Various music writers and historians have traced the use of salsa to different periods of the 20th century. Max Salazar traces the word back to the early 1930s, when Ignacio Piñeiro composed "Échale salsita", a Cuban son protesting tasteless food.[18] While Salazar describes this song as the origin of salsa meaning "danceable Latin music", Ed Morales describes the usage in the same song as a cry from Piñeiro to his band, telling them to increase the tempo to "put the dancers into high gear".[19] Morales claims that later in the 1930s, vocalist Beny Moré would shout salsa during a performance "to acknowledge a musical moment's heat, to express a kind of cultural nationalist sloganeering [and to celebrate the] 'hotness' or 'spiciness' of Latin American cultures".[19] World music author Sue Steward claims salsa was originally used in music as a "cry of appreciation for a particularly piquant or flashy solo".[5] She cites the first use in this manner to a Venezuelan radio DJ named Phidias Danilo Escalona;[5][20] Arsenio Rodriguez is often recognized to be an important salsa composer; in the 1940s, he wrote songs such as Mami me gusto, Fuego en el 23 (later sung by Sonora Poncena), and El divorcio (later sung by Johnny Pacheco). In 1955 Cheo Marquetti created a new band called Conjunto Los Salseros and recorded some new songs ( Sonero and Que no muera el son ). The contemporary meaning of salsa as a musical genre can be traced back to New York City Latin music promoter Izzy Sanabria:[21]
"In 1973, I hosted the television show Salsa which was the first reference to this particular music as salsa. I was using [the term] salsa, but the music wasn't defined by that. The music was still defined as Latin music. And that was a very, very broad category, because it even includes mariachi music. It includes everything. So salsa defined this particular type of music... It's a name that everyone could pronounce."[22]
Sanabria's Latin New York magazine was an English language publication. Consequently, his promoted events were covered in The New York Times, as well as Time and Newsweek magazines. They reported on this "new" phenomenon taking New York by storm—salsa.[23]
But promotion certainly wasn't the only factor in the music's success, as Sanabria makes clear: "Musicians were busy creating the music but played no role in promoting the name salsa."[24] Johnny Pacheco, the creative director, and producer for Fania Records, molded New York salsa into a tight, polished and commercially successful sound. The unprecedented appeal of New York salsa, particularly the Fania "sound," led to its adoption across Latin America and elsewhere.
Globally, the term salsa has eclipsed the original names of the various Cuban musical genres it encompasses. Ironically, Cuban-based music was promoted more effectively worldwide in the 1970s and 1980s by the salsa industry, than by Cuba. For a brief time in the early 1990s a fair number of Cuban musicians embraced the term, calling their own music salsa Cubana.[25] The practice did not catch on however.

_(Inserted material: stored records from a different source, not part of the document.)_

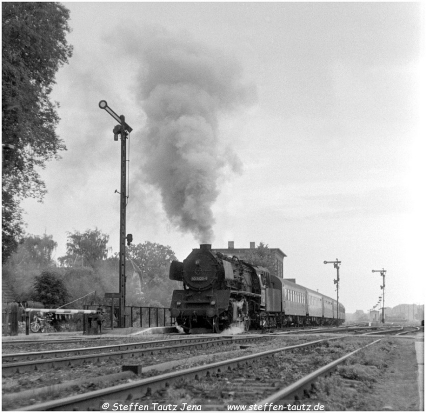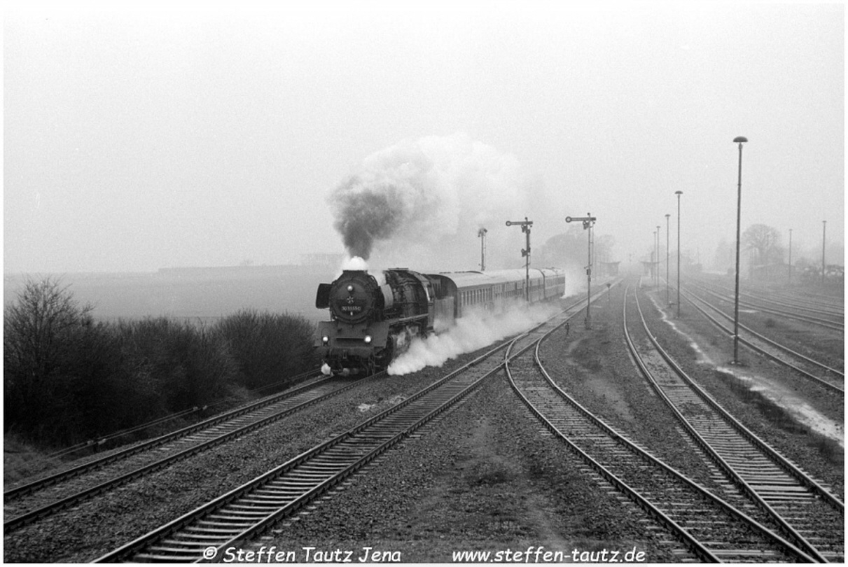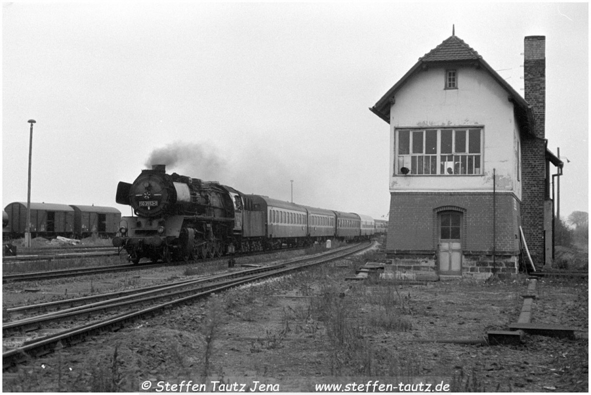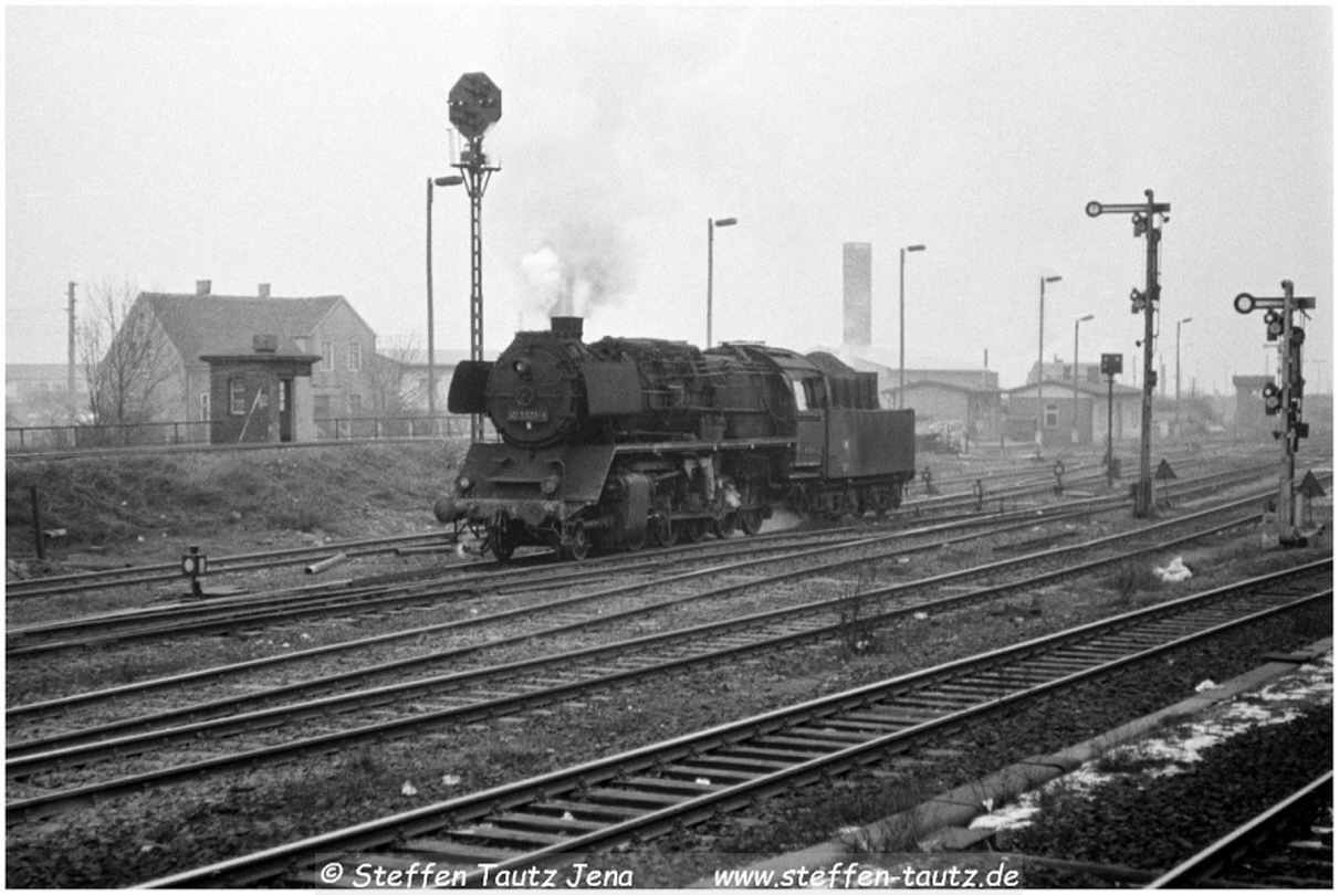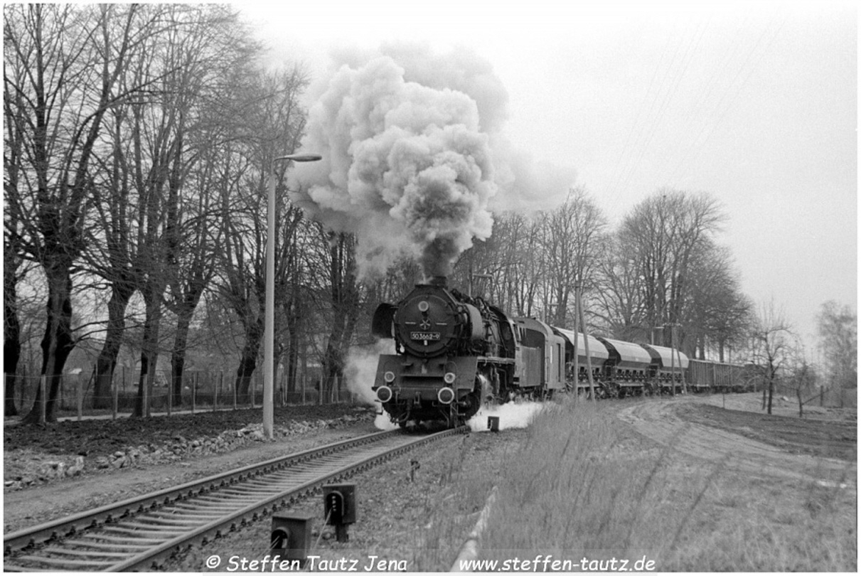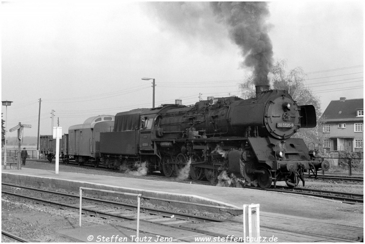 Im März 84 ist 50 3653 vorm Ascherslebener P-Zug in Halberstadt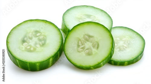 Four slices of fresh cucumber arranged neatly on a clean white surface, showcasing their vibrant green color and crisp texture.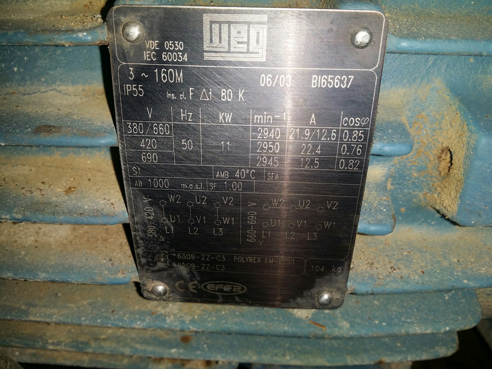 11kW - 21.9/12.6A - 2940rpm - Impellor 215 mm - Conn 3" SMS / 1.5" SMS.

5. Steward 2000, p. 488. Celia Cruz said, "salsa is Cuban music with another name. It's mambo, chachachá, rumba, son... all the Cuban rhythms under one name."
15. Waxer 2002, p. 6
16. Jones and Kantonen, 2000. "The word salsa ('spicy sauce') had long been used by Cuban immigrants as something analogous to the term swing."

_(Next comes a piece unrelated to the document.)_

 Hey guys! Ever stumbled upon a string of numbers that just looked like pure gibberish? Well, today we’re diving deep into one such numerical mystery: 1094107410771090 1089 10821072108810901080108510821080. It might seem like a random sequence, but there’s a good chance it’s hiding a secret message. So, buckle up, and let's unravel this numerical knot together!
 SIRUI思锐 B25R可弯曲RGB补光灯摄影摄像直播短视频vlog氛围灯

17. Manuel 1990, p. 46. "On one level, as Singer and Friedman note, salsa is to Latinos as 'soul' is to blacks; salsa—literally, 'hot sauce'—spicy, zesty, energetic, and unmistakably Latino."

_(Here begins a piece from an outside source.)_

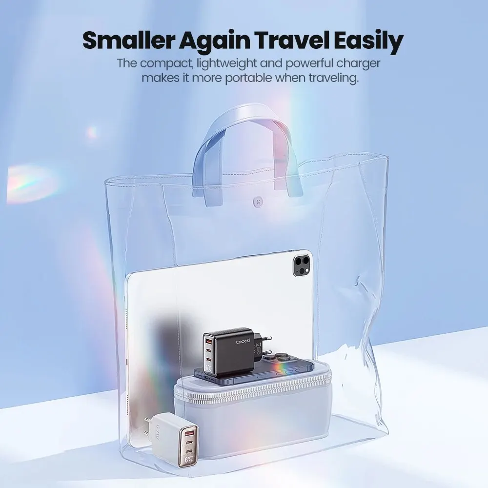El cargador compacto, liviano y potente lo hace más portátil cuando viaja.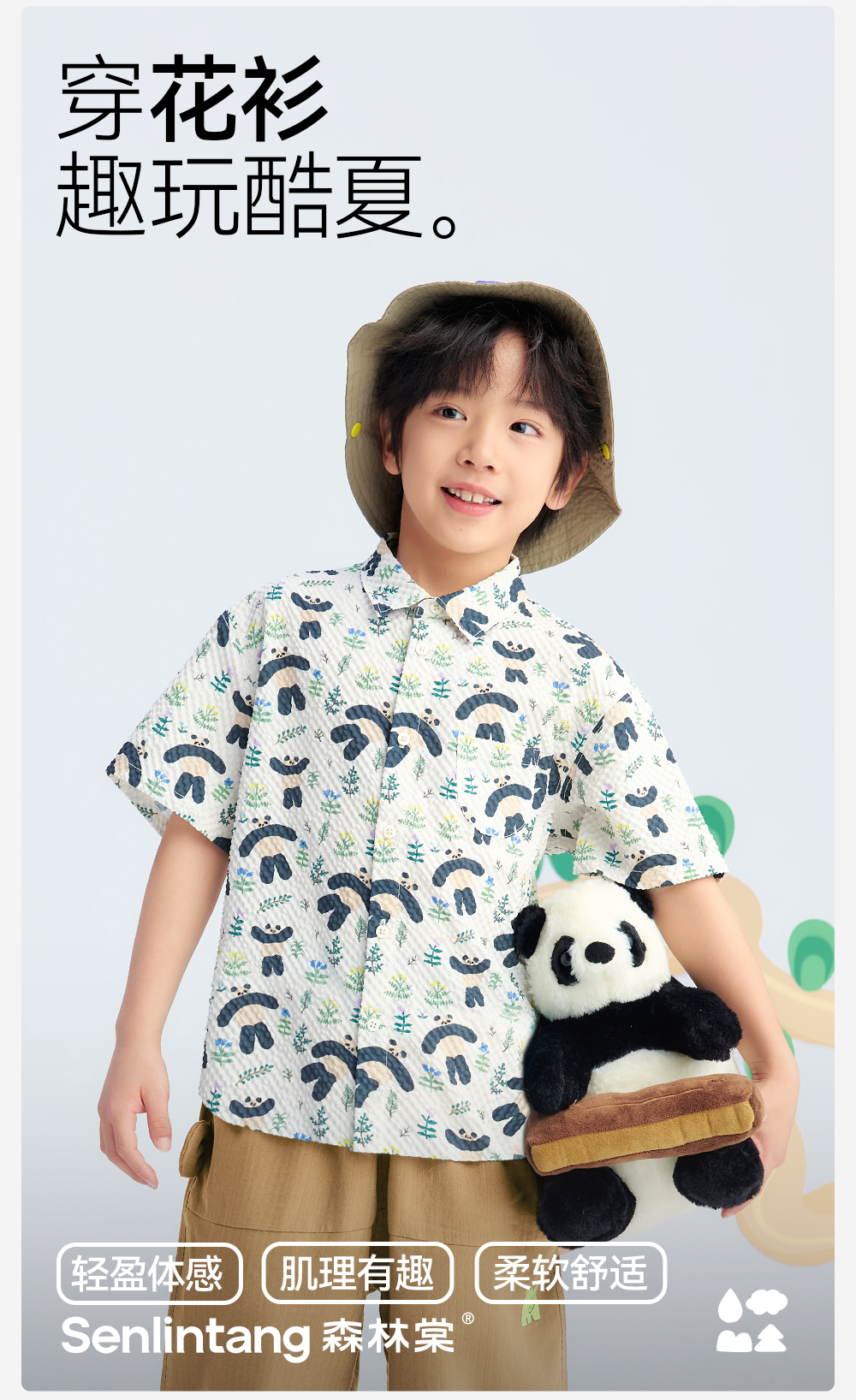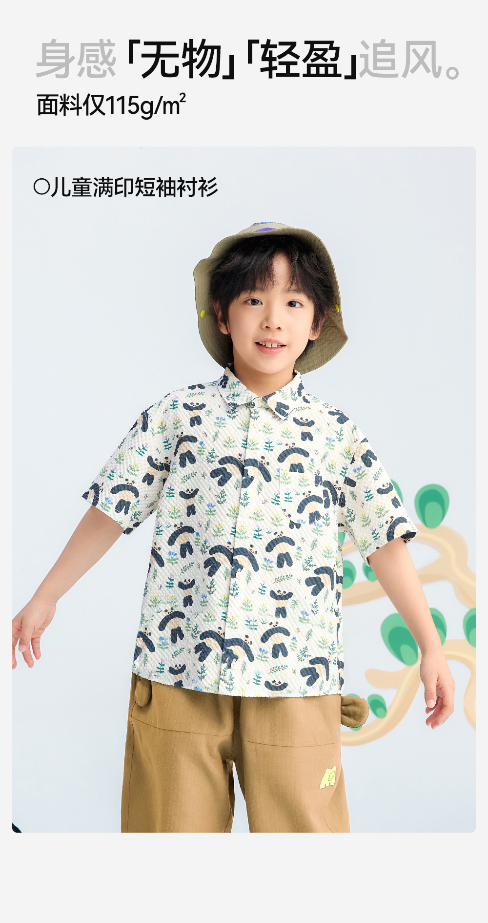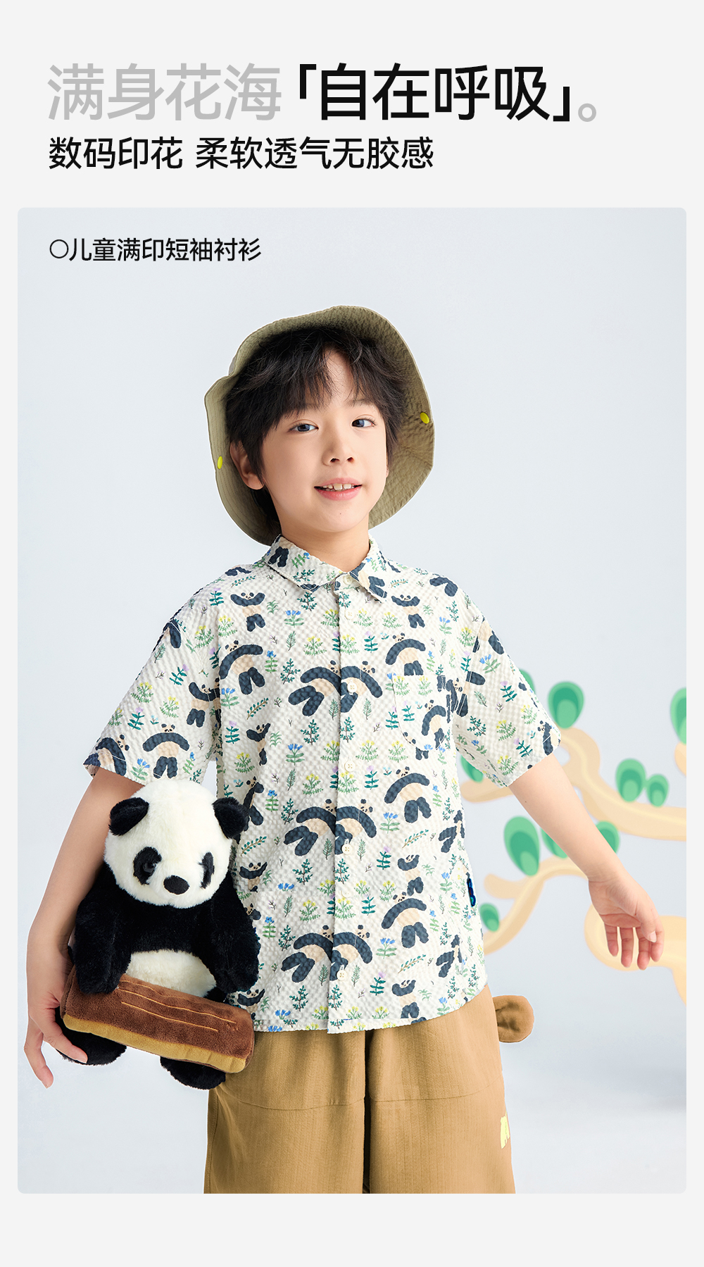 【儿童满印短袖衬衫】森林棠26夏款轻盈柔软卡通熊猫印花休闲衬衫40462236

18. Salazar 1991; Waxer 2002, p. 6; Morales 2003, pp. 56–59. Morales dates the song to 1932.
19. Morales 2003, p. 56
20. Waxer 2002, p. 6; Rondón 1980, p. 33
21. Boggs 1992, pp. 187-193.
22. Boggs 1992, p. 190
23. Boggs 1992, p. 192. Izzy Sanabria: "In Santo Domingo... they told me that they don't recognize a Dominican artist as having made it in New York City unless a photograph and something written on this artist appears in Latin New York. I said 'but why?' And what he said: 'Because we consider Latin New York a North American publication.' You see what I mean? In other words, it's an American publication. It was in English. So because it was in English, because it was from America, then it's legitimate. That in a sense, was the major impact of Latin New York."